--- PROVIDED DATA Enclosed Below ---

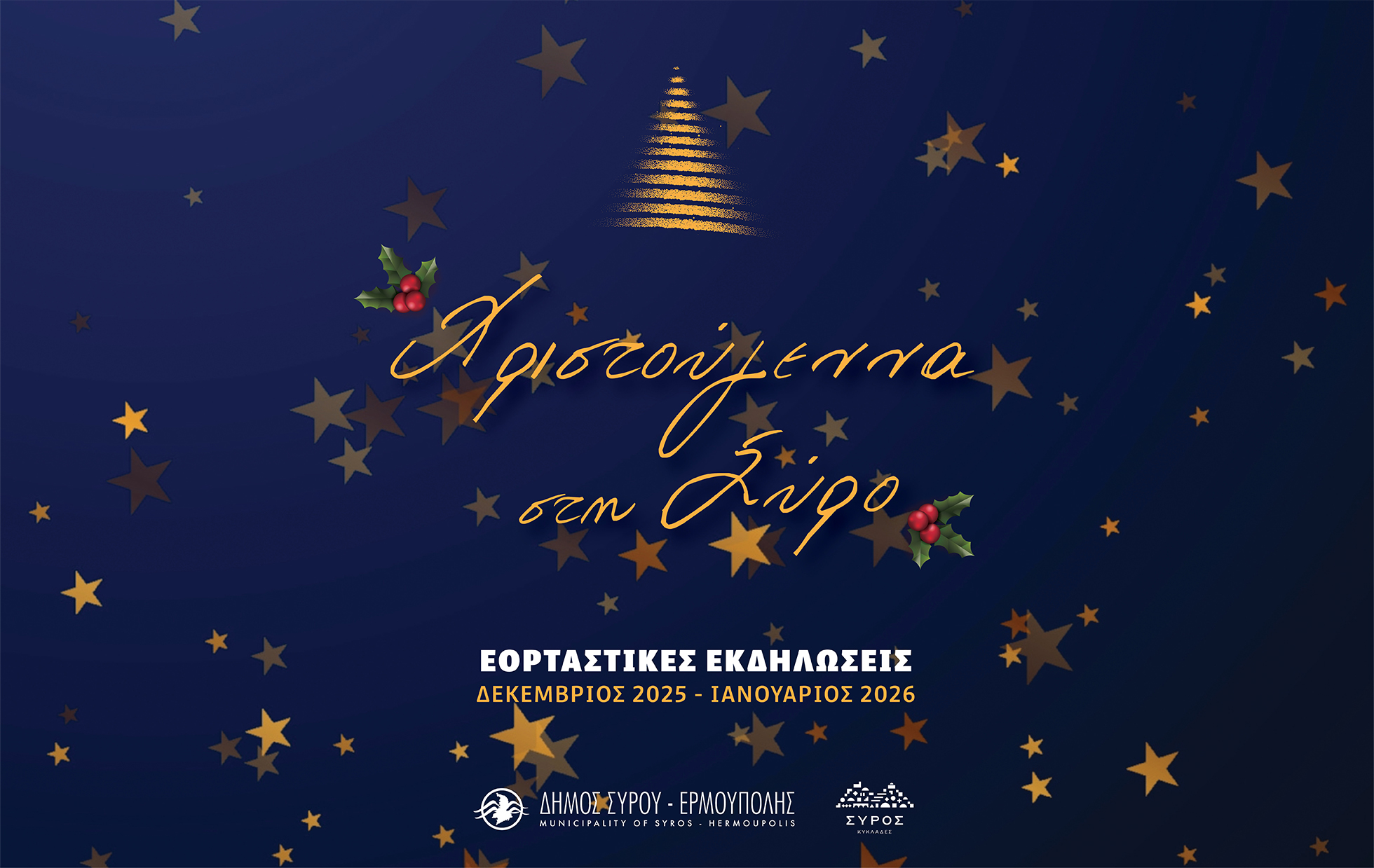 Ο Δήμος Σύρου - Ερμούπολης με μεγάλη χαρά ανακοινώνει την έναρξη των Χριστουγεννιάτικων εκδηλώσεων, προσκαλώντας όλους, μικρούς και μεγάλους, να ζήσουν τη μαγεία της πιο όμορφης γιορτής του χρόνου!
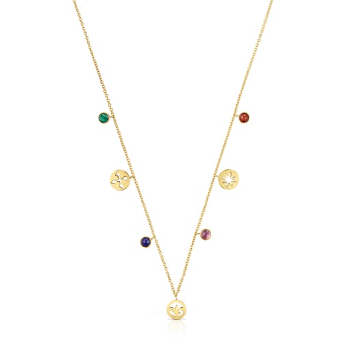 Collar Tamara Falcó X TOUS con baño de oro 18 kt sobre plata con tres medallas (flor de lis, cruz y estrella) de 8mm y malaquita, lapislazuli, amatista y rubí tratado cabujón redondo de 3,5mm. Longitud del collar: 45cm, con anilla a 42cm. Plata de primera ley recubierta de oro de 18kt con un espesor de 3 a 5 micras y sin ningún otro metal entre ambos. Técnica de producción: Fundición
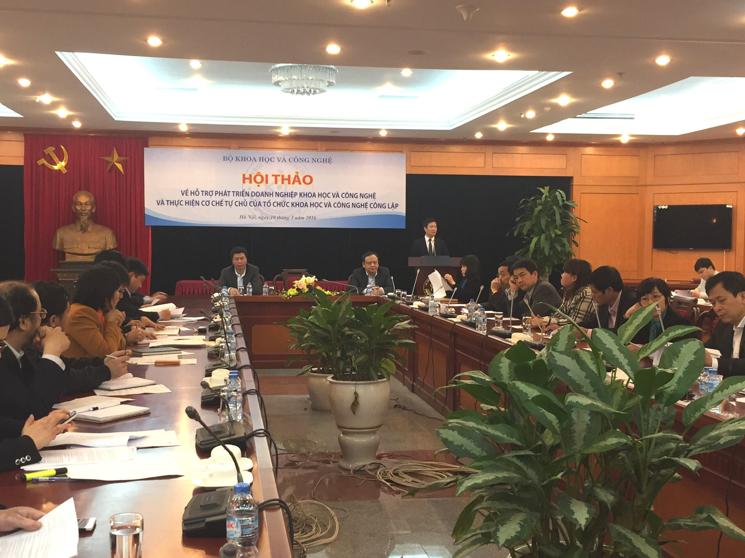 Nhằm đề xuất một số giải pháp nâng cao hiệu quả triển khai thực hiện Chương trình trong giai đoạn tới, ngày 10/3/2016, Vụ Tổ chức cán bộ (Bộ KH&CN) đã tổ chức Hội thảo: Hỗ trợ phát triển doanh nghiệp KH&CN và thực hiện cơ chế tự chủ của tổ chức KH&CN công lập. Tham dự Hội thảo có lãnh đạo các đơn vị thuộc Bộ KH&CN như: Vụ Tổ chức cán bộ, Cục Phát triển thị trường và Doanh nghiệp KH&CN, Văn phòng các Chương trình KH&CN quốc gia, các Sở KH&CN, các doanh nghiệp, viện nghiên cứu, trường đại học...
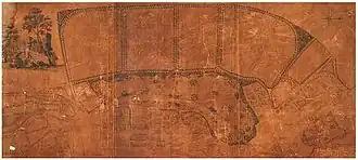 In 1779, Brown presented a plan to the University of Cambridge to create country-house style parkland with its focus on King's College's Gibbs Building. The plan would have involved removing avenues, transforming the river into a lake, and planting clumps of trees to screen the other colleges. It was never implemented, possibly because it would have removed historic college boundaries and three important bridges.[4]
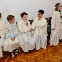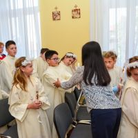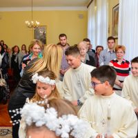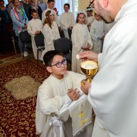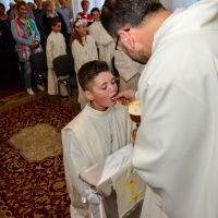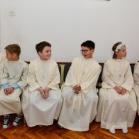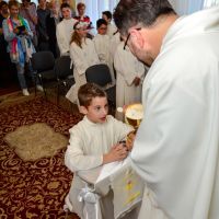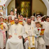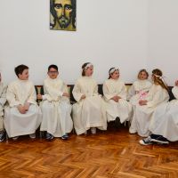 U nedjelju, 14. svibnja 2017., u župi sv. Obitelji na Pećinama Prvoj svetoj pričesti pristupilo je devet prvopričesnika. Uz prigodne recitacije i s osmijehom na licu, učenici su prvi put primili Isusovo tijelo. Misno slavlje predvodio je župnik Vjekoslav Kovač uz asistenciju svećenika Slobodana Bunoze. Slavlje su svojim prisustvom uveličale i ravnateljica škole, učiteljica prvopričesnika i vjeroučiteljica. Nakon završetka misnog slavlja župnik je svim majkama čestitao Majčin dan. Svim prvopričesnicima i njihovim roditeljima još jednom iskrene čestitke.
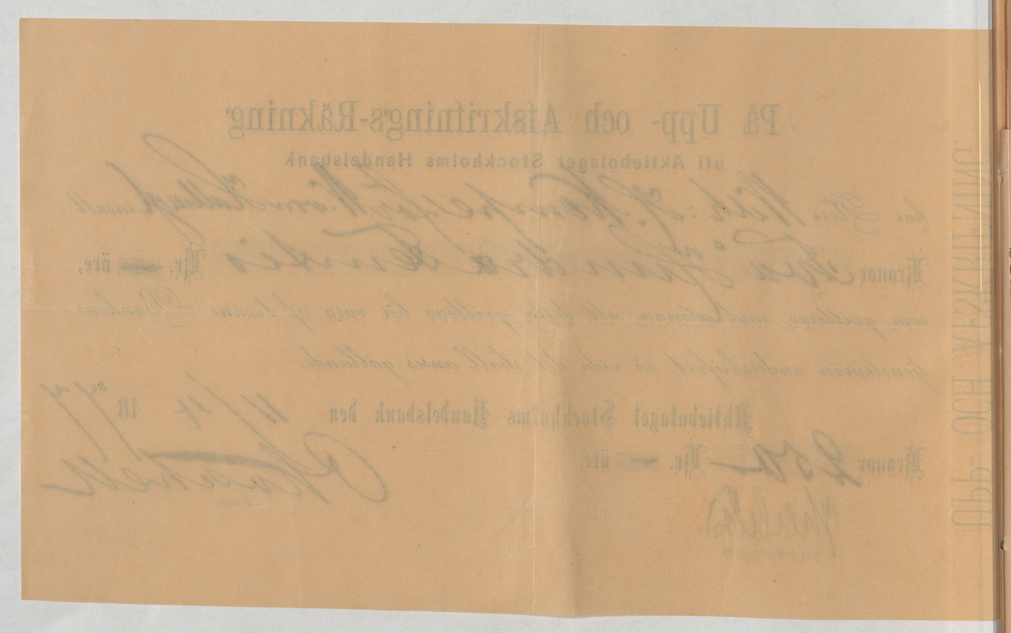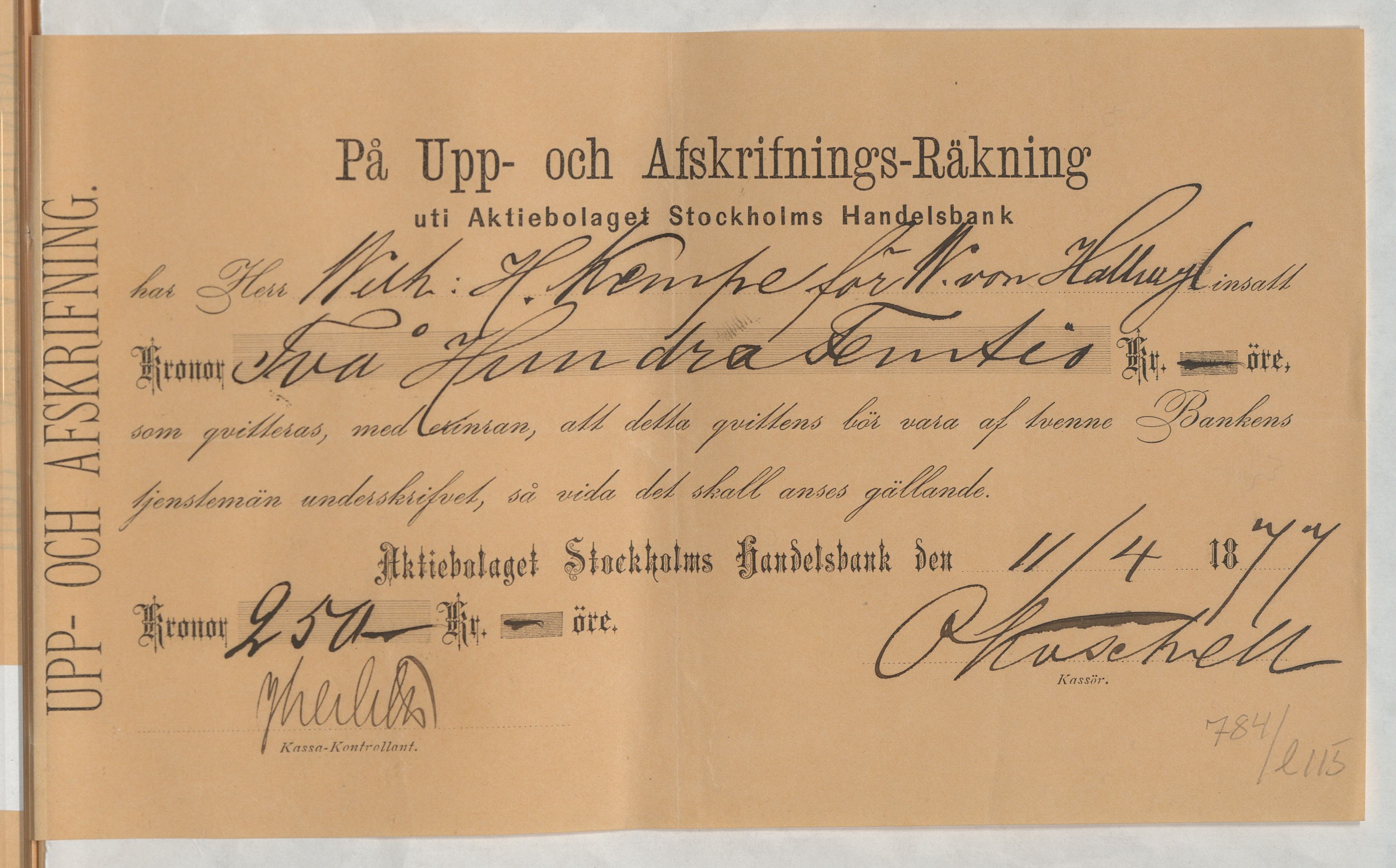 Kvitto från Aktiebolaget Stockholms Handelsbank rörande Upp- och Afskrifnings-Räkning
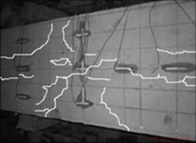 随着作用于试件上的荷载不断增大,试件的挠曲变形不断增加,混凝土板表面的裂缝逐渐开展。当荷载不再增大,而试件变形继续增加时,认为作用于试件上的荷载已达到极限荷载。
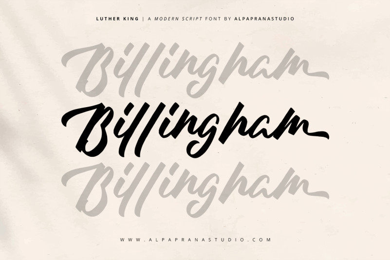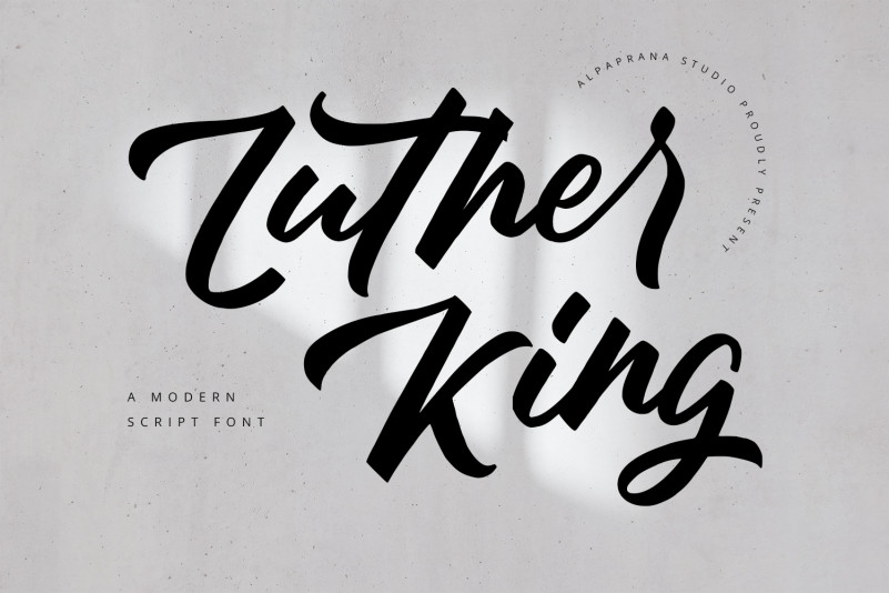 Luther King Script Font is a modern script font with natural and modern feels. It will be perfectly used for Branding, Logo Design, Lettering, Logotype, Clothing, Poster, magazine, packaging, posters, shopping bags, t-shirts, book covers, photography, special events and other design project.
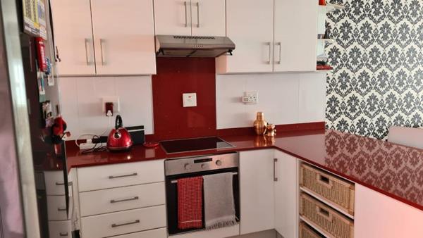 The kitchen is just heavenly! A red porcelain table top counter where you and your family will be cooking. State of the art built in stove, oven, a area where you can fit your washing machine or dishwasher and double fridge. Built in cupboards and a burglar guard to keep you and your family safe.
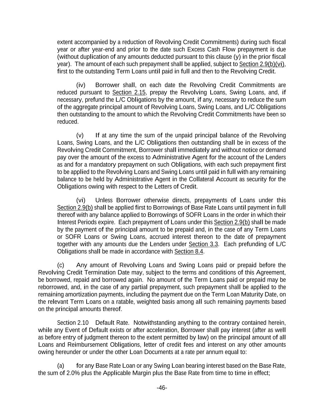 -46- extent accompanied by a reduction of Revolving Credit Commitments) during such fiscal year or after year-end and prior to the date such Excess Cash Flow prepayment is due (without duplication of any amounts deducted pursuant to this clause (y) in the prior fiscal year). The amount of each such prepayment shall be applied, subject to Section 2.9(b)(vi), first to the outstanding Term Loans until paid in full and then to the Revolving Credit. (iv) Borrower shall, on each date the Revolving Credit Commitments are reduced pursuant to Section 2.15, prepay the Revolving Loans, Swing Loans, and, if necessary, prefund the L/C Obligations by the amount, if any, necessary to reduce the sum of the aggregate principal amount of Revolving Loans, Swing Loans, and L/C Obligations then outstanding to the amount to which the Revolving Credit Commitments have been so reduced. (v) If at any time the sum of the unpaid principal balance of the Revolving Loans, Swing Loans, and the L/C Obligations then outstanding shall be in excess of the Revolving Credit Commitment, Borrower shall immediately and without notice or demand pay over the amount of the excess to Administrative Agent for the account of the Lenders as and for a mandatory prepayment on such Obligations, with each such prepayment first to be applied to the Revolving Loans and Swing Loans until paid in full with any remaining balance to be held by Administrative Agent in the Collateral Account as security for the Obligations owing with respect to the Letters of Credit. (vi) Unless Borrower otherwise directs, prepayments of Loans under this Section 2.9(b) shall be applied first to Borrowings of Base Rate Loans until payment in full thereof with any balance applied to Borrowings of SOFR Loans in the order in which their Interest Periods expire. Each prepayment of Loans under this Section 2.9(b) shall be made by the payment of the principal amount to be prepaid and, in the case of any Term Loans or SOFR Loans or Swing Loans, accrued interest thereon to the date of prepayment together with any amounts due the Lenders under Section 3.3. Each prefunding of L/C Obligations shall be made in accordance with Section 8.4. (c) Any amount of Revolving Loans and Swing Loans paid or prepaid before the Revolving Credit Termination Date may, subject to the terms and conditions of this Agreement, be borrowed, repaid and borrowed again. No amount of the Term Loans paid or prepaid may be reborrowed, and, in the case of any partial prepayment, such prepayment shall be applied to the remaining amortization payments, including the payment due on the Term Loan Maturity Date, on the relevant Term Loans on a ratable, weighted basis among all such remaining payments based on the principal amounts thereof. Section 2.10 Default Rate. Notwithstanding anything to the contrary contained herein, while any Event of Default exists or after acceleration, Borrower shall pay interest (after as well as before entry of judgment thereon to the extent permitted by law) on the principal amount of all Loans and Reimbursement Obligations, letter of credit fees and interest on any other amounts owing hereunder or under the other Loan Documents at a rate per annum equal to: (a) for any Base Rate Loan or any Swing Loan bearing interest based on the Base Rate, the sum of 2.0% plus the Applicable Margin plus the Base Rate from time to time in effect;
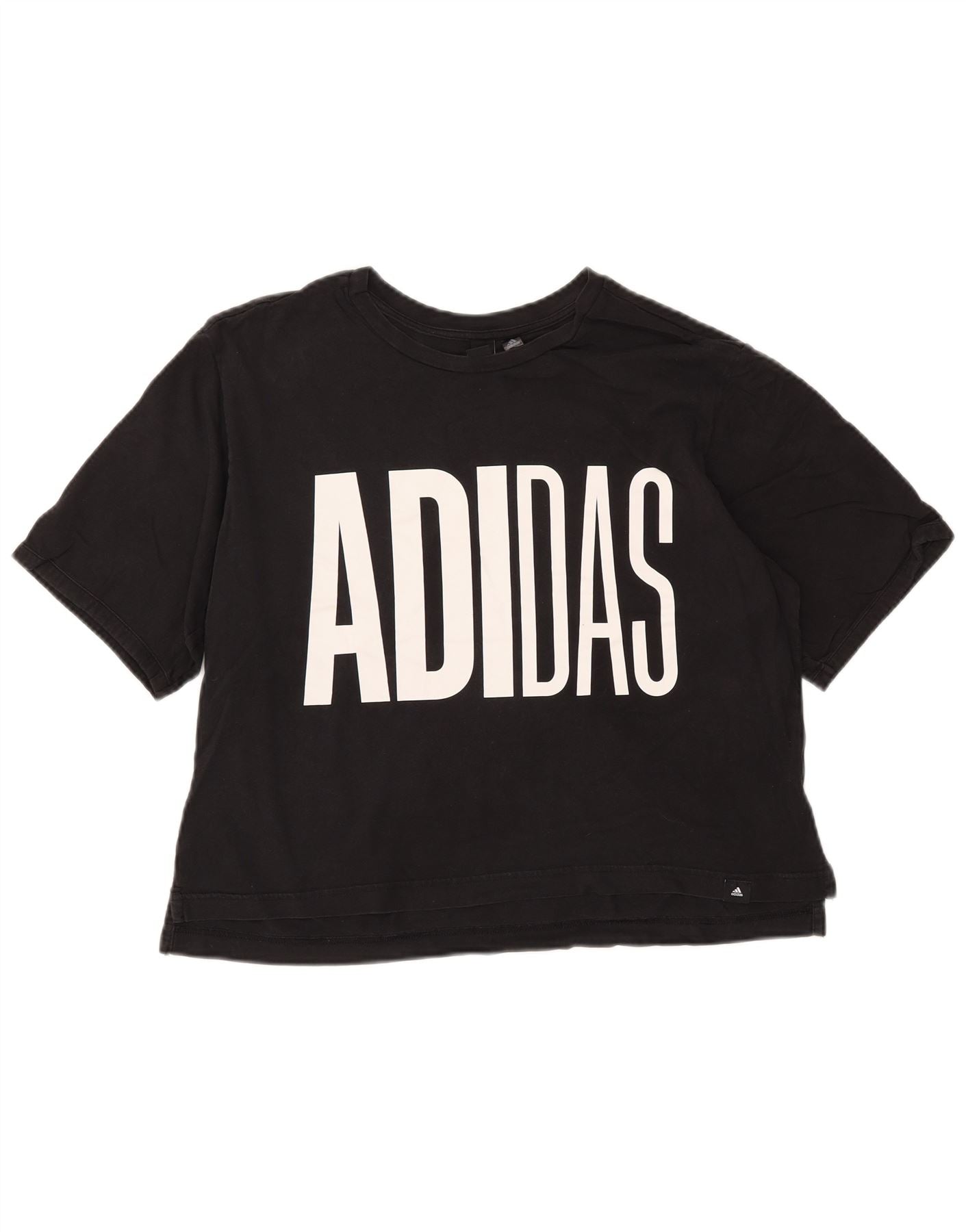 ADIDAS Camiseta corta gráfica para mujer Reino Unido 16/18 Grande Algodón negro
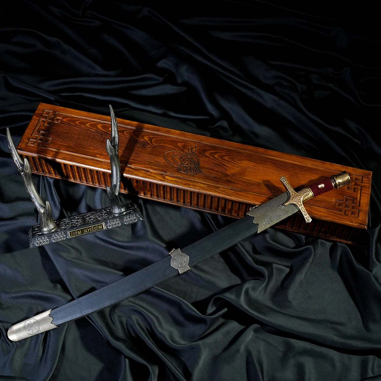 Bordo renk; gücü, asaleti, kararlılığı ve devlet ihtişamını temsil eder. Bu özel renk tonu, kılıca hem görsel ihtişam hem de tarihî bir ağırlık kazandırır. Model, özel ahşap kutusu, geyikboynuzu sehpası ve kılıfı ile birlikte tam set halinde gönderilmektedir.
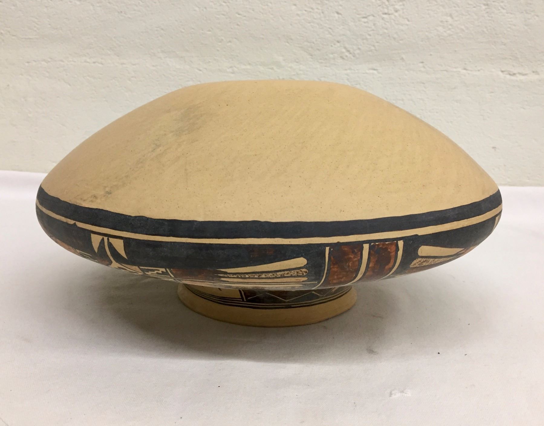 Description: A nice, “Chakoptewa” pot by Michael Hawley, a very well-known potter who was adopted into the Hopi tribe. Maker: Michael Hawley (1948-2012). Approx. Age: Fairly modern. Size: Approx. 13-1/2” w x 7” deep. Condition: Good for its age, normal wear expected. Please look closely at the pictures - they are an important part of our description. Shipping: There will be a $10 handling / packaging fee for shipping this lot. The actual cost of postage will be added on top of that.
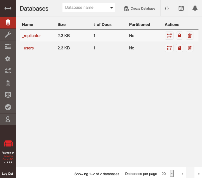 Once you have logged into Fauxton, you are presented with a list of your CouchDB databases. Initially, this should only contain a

--- End of Enclosed PROVIDED DATA ---

■ TASK DIRECTIONS
The lines needed run from the first line of the records through the line containing "Collar Tamara Falcó", both included. Restate them word for word, without pictures.

■ RESPONSE FOR THIS EXERCISE
 Ο Δήμος Σύρου - Ερμούπολης με μεγάλη χαρά ανακοινώνει την έναρξη των Χριστουγεννιάτικων εκδηλώσεων, προσκαλώντας όλους, μικρούς και μεγάλους, να ζήσουν τη μαγεία της πιο όμορφης γιορτής του χρόνου!
 Collar Tamara Falcó X TOUS con baño de oro 18 kt sobre plata con tres medallas (flor de lis, cruz y estrella) de 8mm y malaquita, lapislazuli, amatista y rubí tratado cabujón redondo de 3,5mm. Longitud del collar: 45cm, con anilla a 42cm. Plata de primera ley recubierta de oro de 18kt con un espesor de 3 a 5 micras y sin ningún otro metal entre ambos. Técnica de producción: Fundición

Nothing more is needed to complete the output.